- [WORK TO COMPLETE]:
Print out the data exactly, keeping every image out of it.

- [DATA EXTRACT]:
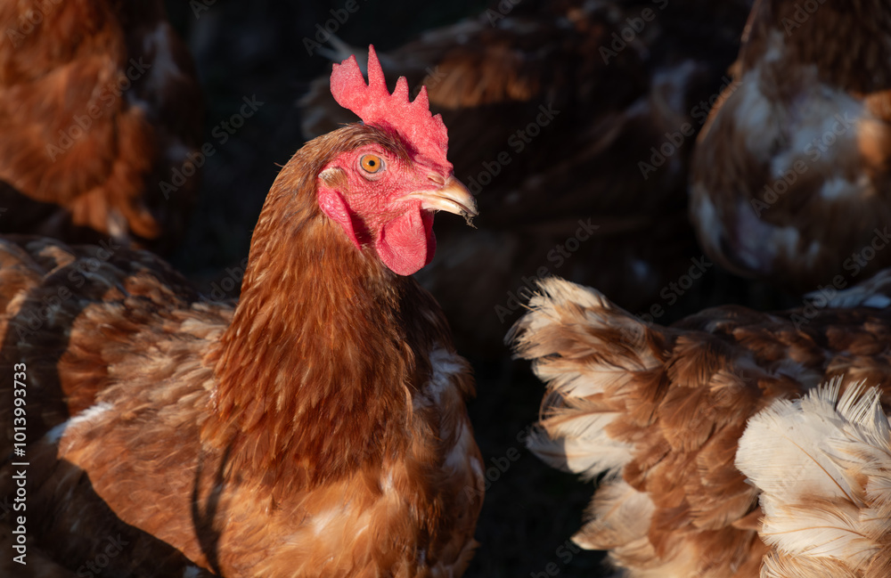 Close-up of a brown chicken standing among other chickens and raising its head.
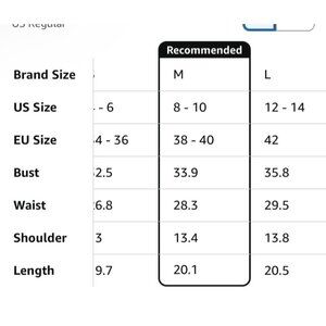 Bust = 33.9", Waist = 28.3", Shoulder = 13.4", Length = 20.1"
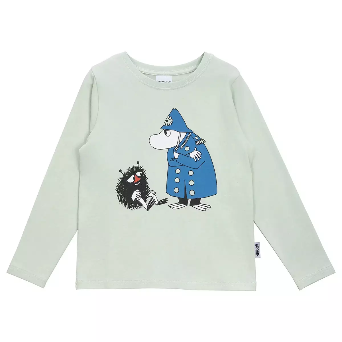 Martinex Poliisimestari Tröja i grönt, är gjord av mjuk ekologisk bomull, som känns behaglig mot barnets hud. I den ljusgröna tröjan förundras Poliisimestari över Haisulis påhitt.
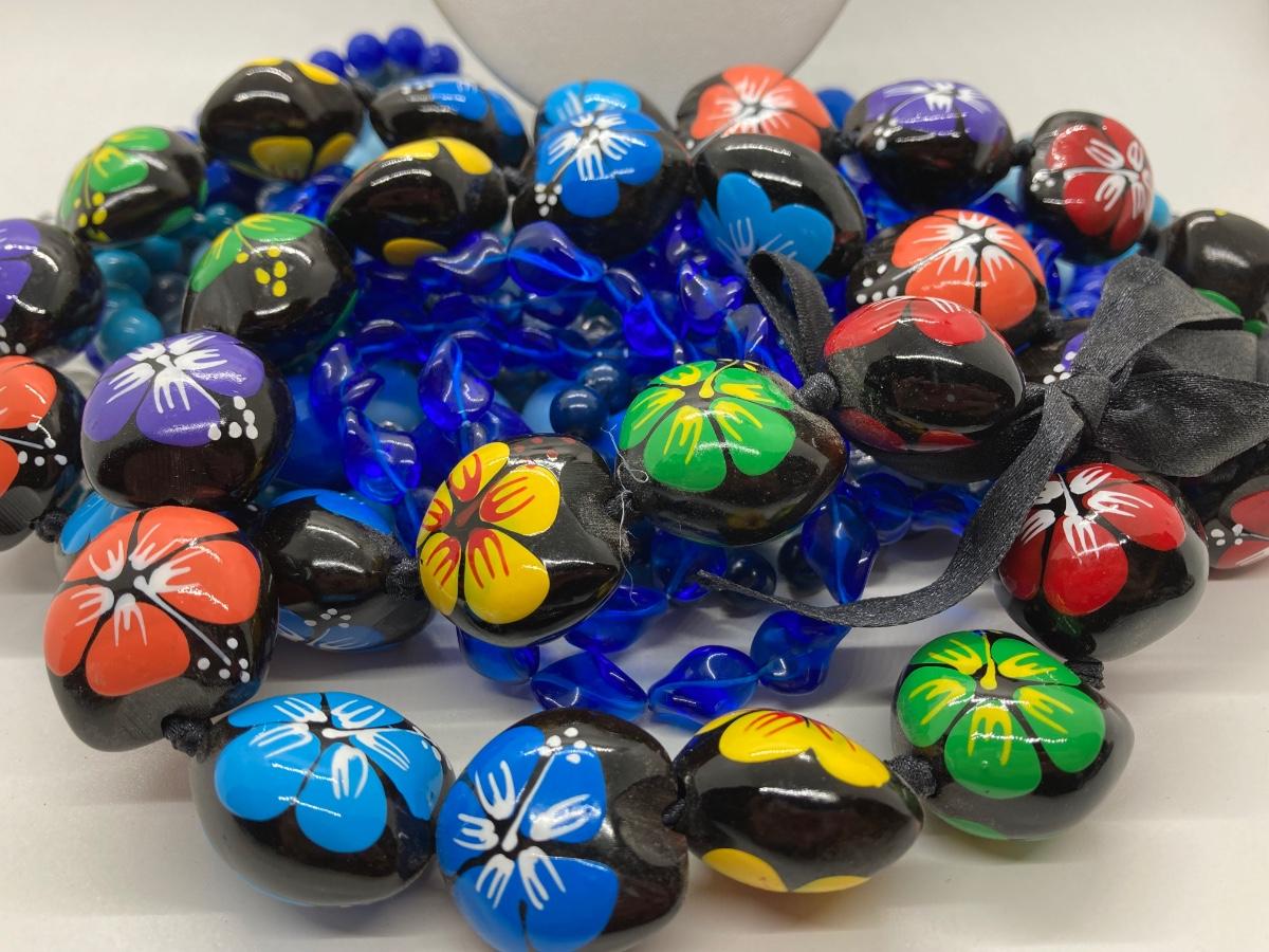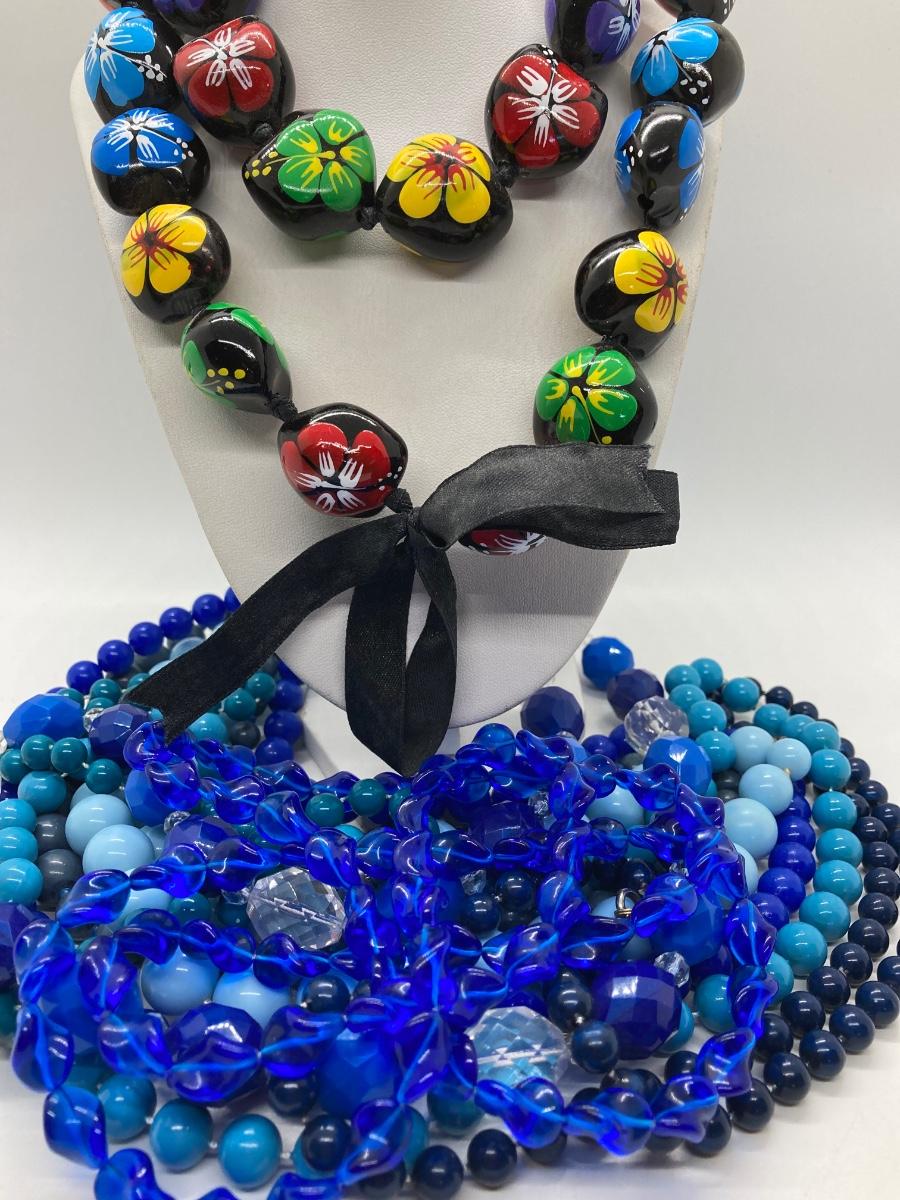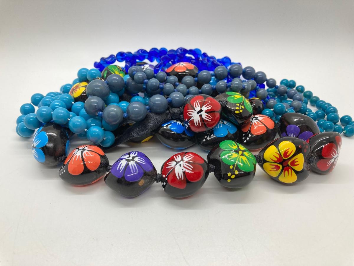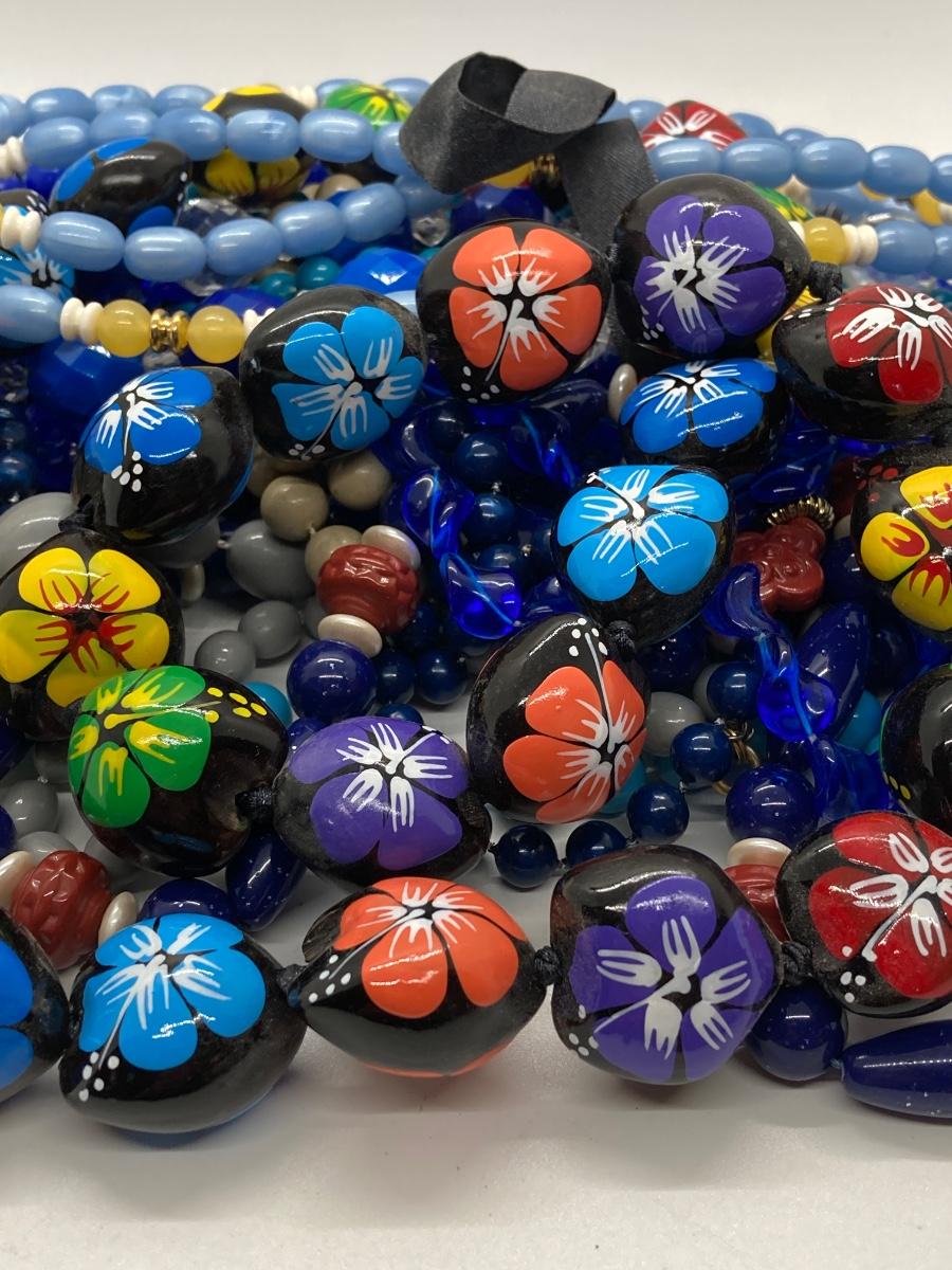 LOT 27J: Hand Painted Hawaiian Lei and Blue Bead Collection

- [SOLUTION BELOW]:
 Close-up of a brown chicken standing among other chickens and raising its head.
 Bust = 33.9", Waist = 28.3", Shoulder = 13.4", Length = 20.1"
 Martinex Poliisimestari Tröja i grönt, är gjord av mjuk ekologisk bomull, som känns behaglig mot barnets hud. I den ljusgröna tröjan förundras Poliisimestari över Haisulis påhitt.
 LOT 27J: Hand Painted Hawaiian Lei and Blue Bead Collection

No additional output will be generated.